* _DIRECTIONS FOR THIS TASK_
Reproduce every entry that follows word for word, but omit the images.

########################################

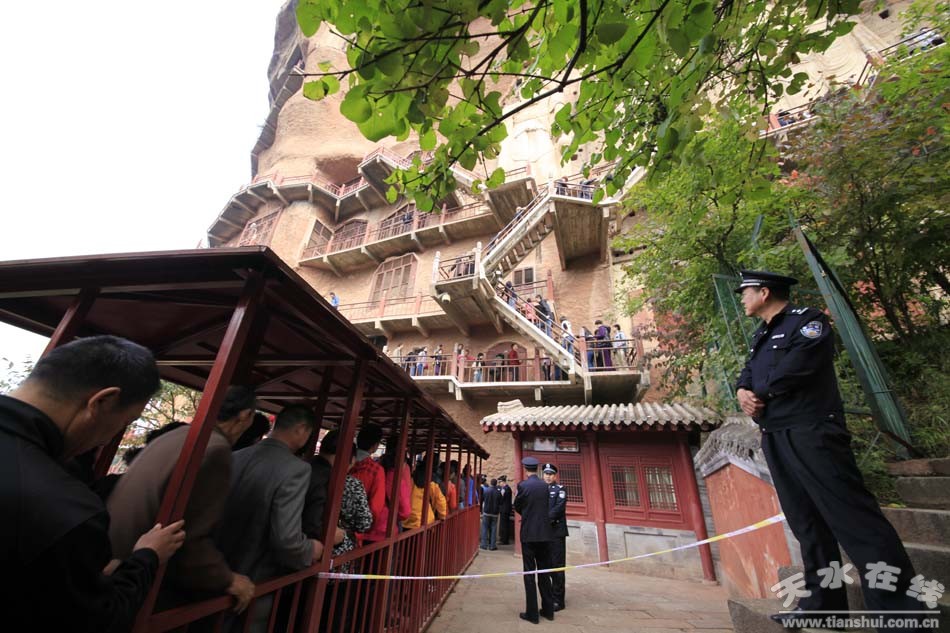 (麥積山石窟人流如織)
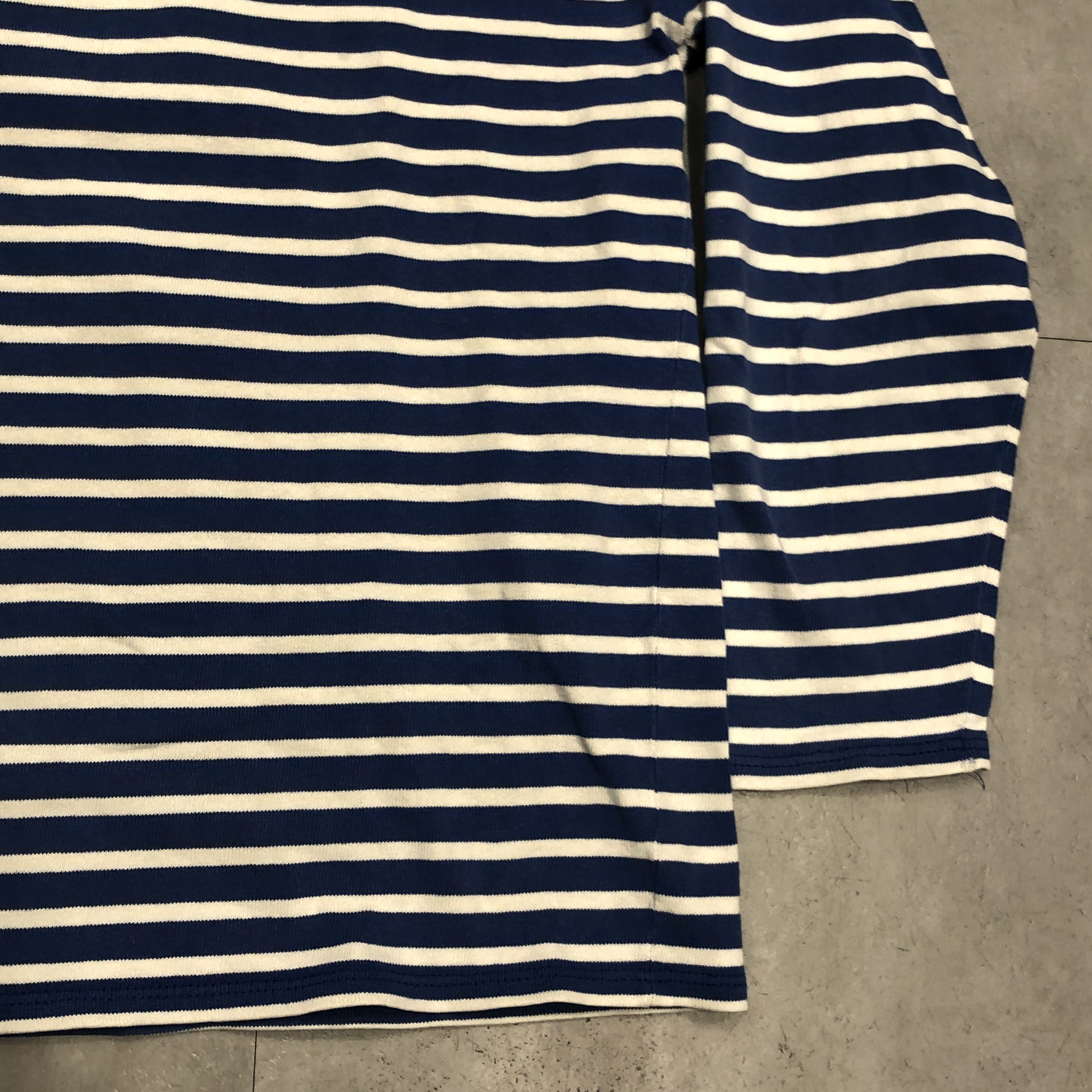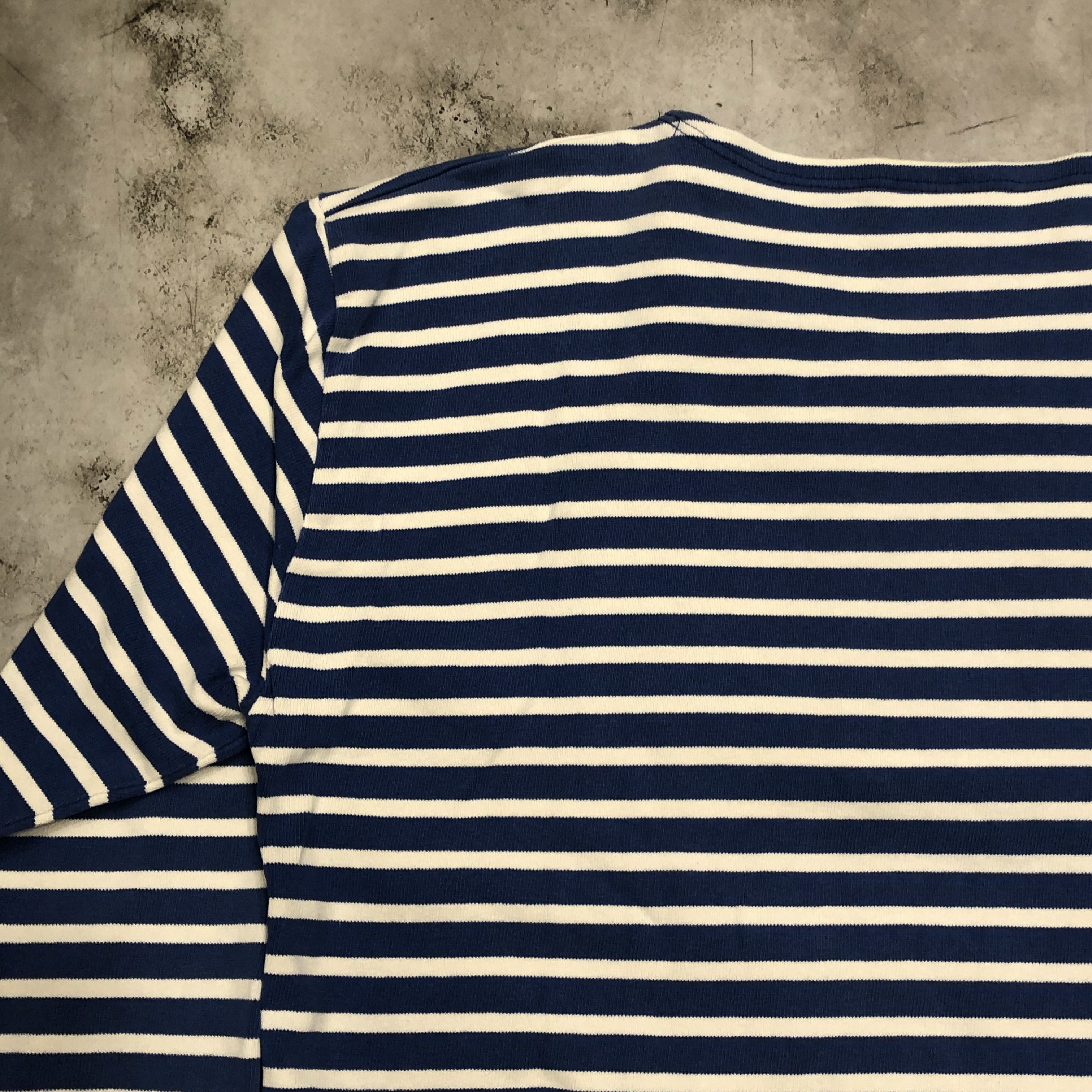 クラシックなボートネックと肩線の落ちたストレートなパターンは、重ね着にも最適。袖口にはブランドのネームパッチを控えめに配置。製造はもちろんフランス自社工場で行われています。
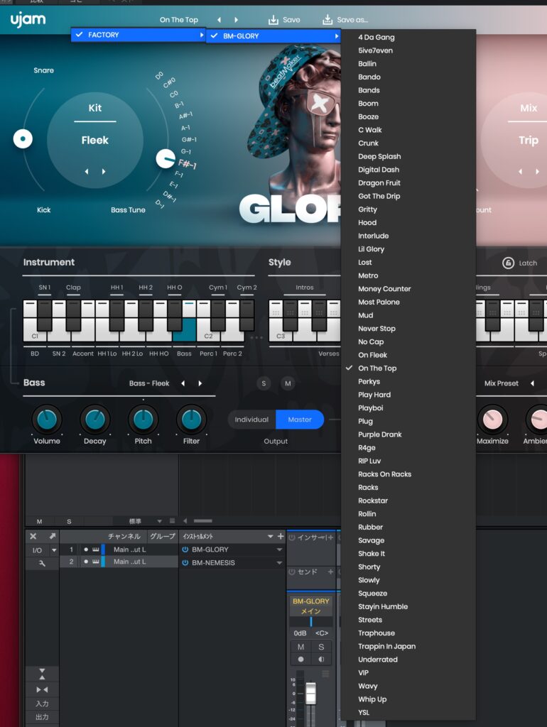 打ち込んでいる間に、創作意欲がなくなることもありますしね。UJAMは出音もしっかりしてますし、UJAM Beatmaker シリーズのサウンドをデモ用で差し込むだけで作曲中のテンションも上がります。
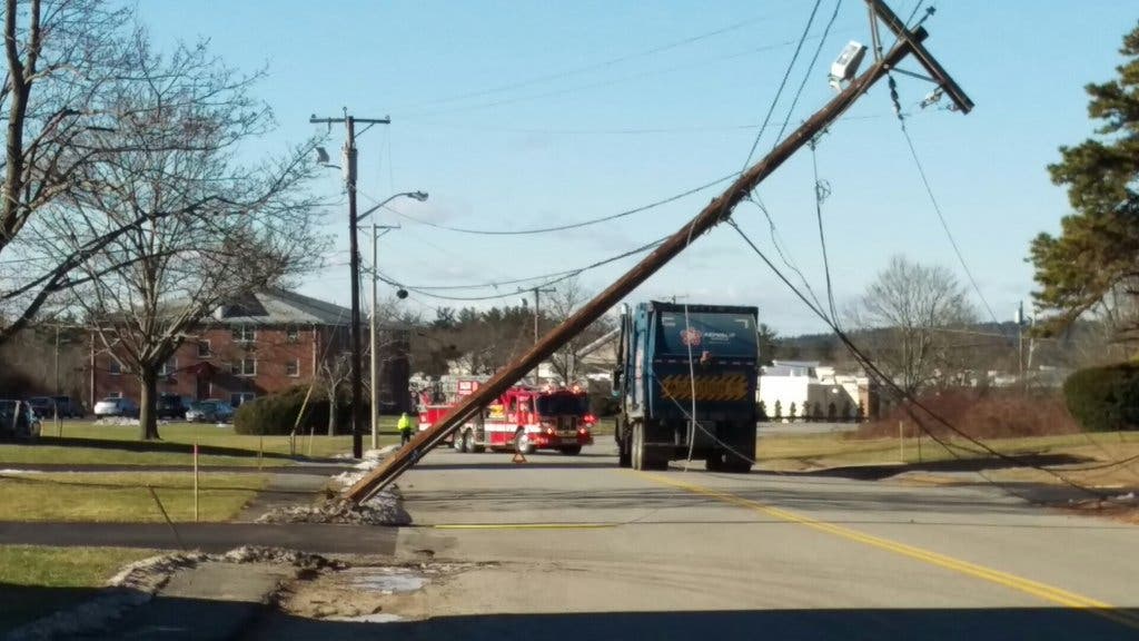 SALEM, NH - Salem Police and Fire and Rescue teams are on Oakridge Avenue where a garbage truck struck and knocked down a utility pole. According to alerts online, the street is closed at Sand Hill Road.
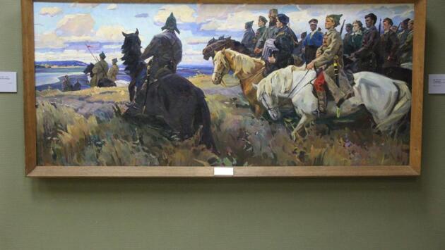 «Даешь революцию в искусстве» – именно так назвали организаторы масштабную экспозицию в залах Картинной галереи на Партизанском Проспекте, 12. Открывшаяся вечером 3 ноября выставка включает около 60 работ, объединенных темой революции во всех ее видах и проявлениях. Первая часть экспозиции посвящена революции в искусстве и работам постреволюционного модернизма. Следующий зал посвящен доминировавшей в искусстве соцреализма революционной тематике, как таковой. И, наконец – значительная часть экспозиции отведена Лениниане, как главной составляющей программы монументальной пропаганды эпохи социализма. Работы Николая Жукова, Исаака Бродского, Николая Томского относятся к числу удивительных по качеству изображения произведений искусства, по понятным причинам не экспонировавшихся последние четверть века. Спасибо нынешней круглой революционной дате, предоставившей достойный повод вытащить эти работы из запасников. Не менее интересным выглядит раздел выставки, составленный из работ художников-модернистов из окружения Давида Бурлюка и Владимира Лебедева. Такие представители владивостокских авангардистов , творивших на рубеже веков, как В. Пановский, В. Баталов, В. Пальмов, П. Любарский и И. Видин дают любопытную картину художественной жизни Владивостока революционной эпохи. Огромный пласт художественной жизни той поры составили монументальные картины эпохи социалистического реализма. Работы Кирилла Шебеко, Валентина Чеботарева, Василия Бочанцева, Василия Доронина блестяще воплотили в живописи историко-революционную тему. Эти мастера сумели благополучно избежать живописных клише, несмотря на бесконечное повторение однотипных сюжетов и революционных персонажей в искусстве соцреализма. Выходя за рамки догм и канонов соцреализма, ведущие живописцы Приморья сохранили многообразие творческих стилей и личное авторское мироощущение.

########################################

* _SOLUTION TO THIS EXERCISE_
 (麥積山石窟人流如織)
 クラシックなボートネックと肩線の落ちたストレートなパターンは、重ね着にも最適。袖口にはブランドのネームパッチを控えめに配置。製造はもちろんフランス自社工場で行われています。
 打ち込んでいる間に、創作意欲がなくなることもありますしね。UJAMは出音もしっかりしてますし、UJAM Beatmaker シリーズのサウンドをデモ用で差し込むだけで作曲中のテンションも上がります。
 SALEM, NH - Salem Police and Fire and Rescue teams are on Oakridge Avenue where a garbage truck struck and knocked down a utility pole. According to alerts online, the street is closed at Sand Hill Road.
 «Даешь революцию в искусстве» – именно так назвали организаторы масштабную экспозицию в залах Картинной галереи на Партизанском Проспекте, 12. Открывшаяся вечером 3 ноября выставка включает около 60 работ, объединенных темой революции во всех ее видах и проявлениях. Первая часть экспозиции посвящена революции в искусстве и работам постреволюционного модернизма. Следующий зал посвящен доминировавшей в искусстве соцреализма революционной тематике, как таковой. И, наконец – значительная часть экспозиции отведена Лениниане, как главной составляющей программы монументальной пропаганды эпохи социализма. Работы Николая Жукова, Исаака Бродского, Николая Томского относятся к числу удивительных по качеству изображения произведений искусства, по понятным причинам не экспонировавшихся последние четверть века. Спасибо нынешней круглой революционной дате, предоставившей достойный повод вытащить эти работы из запасников. Не менее интересным выглядит раздел выставки, составленный из работ художников-модернистов из окружения Давида Бурлюка и Владимира Лебедева. Такие представители владивостокских авангардистов , творивших на рубеже веков, как В. Пановский, В. Баталов, В. Пальмов, П. Любарский и И. Видин дают любопытную картину художественной жизни Владивостока революционной эпохи. Огромный пласт художественной жизни той поры составили монументальные картины эпохи социалистического реализма. Работы Кирилла Шебеко, Валентина Чеботарева, Василия Бочанцева, Василия Доронина блестяще воплотили в живописи историко-революционную тему. Эти мастера сумели благополучно избежать живописных клише, несмотря на бесконечное повторение однотипных сюжетов и революционных персонажей в искусстве соцреализма. Выходя за рамки догм и канонов соцреализма, ведущие живописцы Приморья сохранили многообразие творческих стилей и личное авторское мироощущение.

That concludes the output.